— Вот и квартира для твоего скрипача, знаете да.
Потом дед приносил из сеней «летучую мышь» и, засветив, нагибался к запечью.
— Э! Да тут их целый базар, понимаете ли! Иди сюда, кум, и выбирай какого хошь.
Никодимыч заглядывал через плечо деда. Радость на его лице сменялась завистью, даже алчностью.
— Вон того, побольше, он басовитей. Да нет, рядом, рядом! Ох, красавец, ноги как у гренадера, а глаза-то — просто фонари!
— Та-а-к, — покрякивал дед, едва справляясь с трепыхавшимся сверчком. — Иди-ко, друг, на новую квартиру. — И водворял его в маточник.
На пороге появлялась бабушка.
— Сколь ишо будете карасин жечь, идолы окаянные! Болтать вам не надоисть! Ой, да они и фонарь запалили! — всплескивала она руками.
Бабушка не вдруг могла понять, чем заняты друзья, а когда рассмотрела, разразилась подлинной грозой:
— Паралик вас расшиби! Делать им, идолам, нечего! Ишь чего удумали! И ты, лысый черт, — обращалась она к Никодимычу, — как дите забавляешься! Сверчков ловят! Вовсе ума решились! И ты, старый дурак, — говорила она деду, — сообразил чего: маточник поганить! Выбрось оттель этого аспида!

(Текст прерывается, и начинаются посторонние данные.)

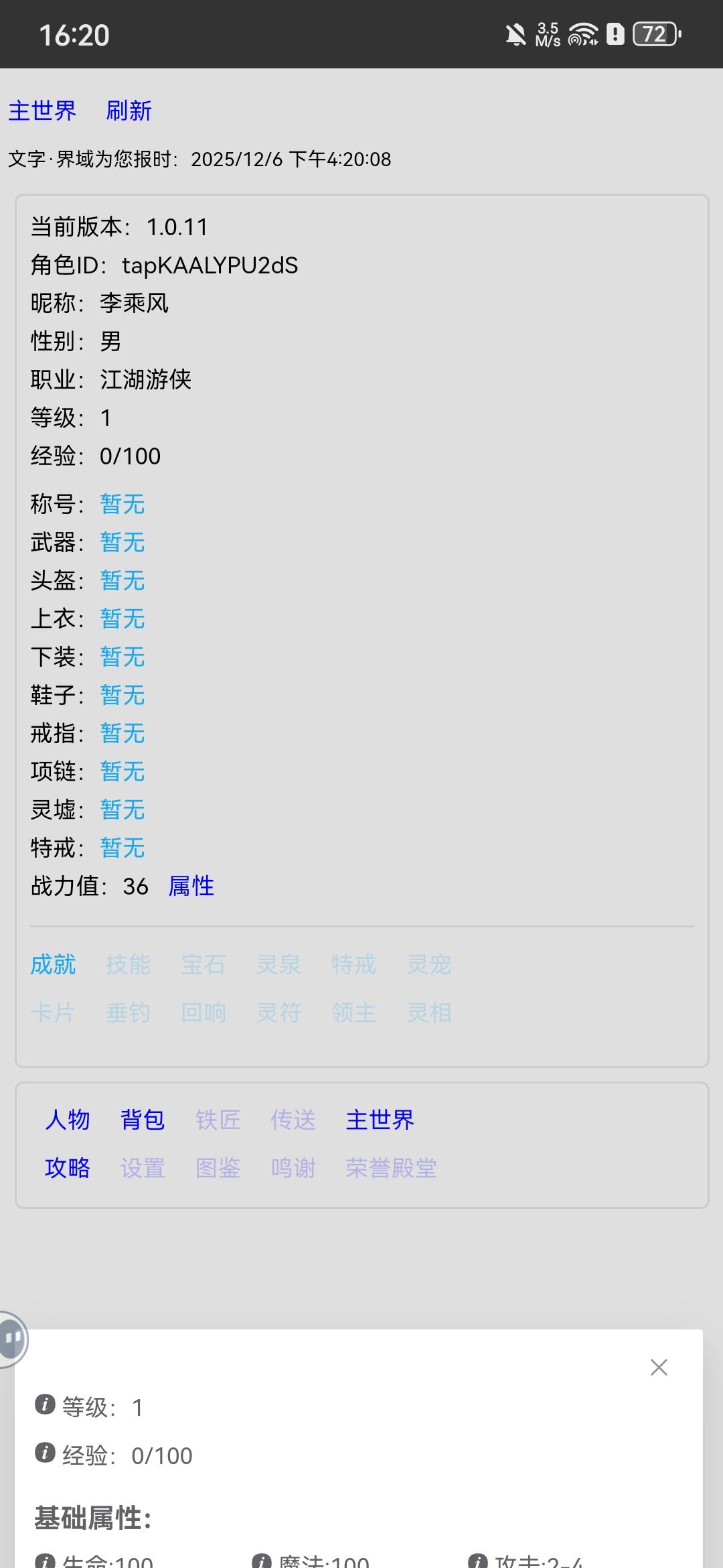 本人11月7号下午开始玩的,之前测试都没参与过,第一次接触到这个游戏分享一些个人的理解和经验。想到什么内容就说什么了,每一段落之间如有太大跳跃,还望各位大佬理解,毕竟本人不是作者,对游戏的理解还不是太深刻。对这款游戏感觉是不错的,会坚持玩下去并持续更新。先说几个重点。1.这是一款纯文字游戏,在游戏内只有各种文字按钮可以点击,没有任何画面。游戏没有任何氪金的点,没有排行榜,没有游戏内玩家之家的交易

— Катерина Сергеевна! Голубушка! Оставьте! — молил Никодимыч. — Это с первого взгляда наша ловля может показаться детской забавой. В действительности у нее серьезнейшие основания. Для полноты домашнего очага задумал я, с помощью кума и вашей помощью, завести сверчка. Неуютно у нас в доме без этого певца. И супруга моя мечтает о сверчке…
— Супруга твоя мечтает, чтоб ты водки меньше хлестал! — резала бабушка. — Свой очаг ты винищем заливаешь, и сверчок ему не подмога.
Подарок удавалось отстоять. Никодимыч относил сверчка домой, некоторое время тот пел за печкой, но вскоре покидал дом и больше не возвращался. Никодимыч смирялся с судьбой, но постепенно мечта о собственном запечном скрипаче опять одолевала, и он шел к куму с покорнейшей просьбой…
Помимо друзей домашних, то есть тех, что принимались дома в любое время, водились у деда еще и уличные друзья. Их бабушка хоть и признавала, но не пускала даже на порог — и деду приходилось беседовать с ними у крыльца.
Первой приметив одного из таких друзей, она неизменно оповещала деда:
— Вон притащился к тебе царь-государь…
Чем бы ни занимался, при этом известии он все бросал и выходил на крыльцо.
У городьбы шарил палкой в крапиве долговязый детина, одетый в рубище, которому нет названия, трудно даже предположить, чем была когда-то его одежда. Он без шапки, но спутанные волосы сами представляют подобие мохнатой папахи.
— Бог на помочь, Микеша! — говорил дед.
В озабоченности гость едва кивал и продолжал шарить.
— Все трудишься, Микеша… Кем же ты теперь, какая у тебя нынче должность-то?
Не переставая орудовать в крапиве, Микеша скромно отвечал:
— Да я пока царем.
— О-о-о… Должность высокая… И чего ж ты ищешь?
— Да корону, ешь те корень! — Микеша отрывался от работы, подходил к деду, смотрел доверчивыми голубыми глазами. — Давеча потерял корону-то: скатилась в кряпиву… Была на башке чин чином — и в кряпиву! Ну что ты будешь делать… Вот ищу хожу. Ты не видал?
— Не попадалась что-то. Увижу — скажу.
— Приняси тады. Наградную получишь.
— Чего там, — скреб дед в затылке. — Мне наград не надо.
— Положено.
— Ну, это уж как будет царская милость. — Дед заворачивал козью ножку. — Работенку ты, Микеша, выбрал больно уж колготную…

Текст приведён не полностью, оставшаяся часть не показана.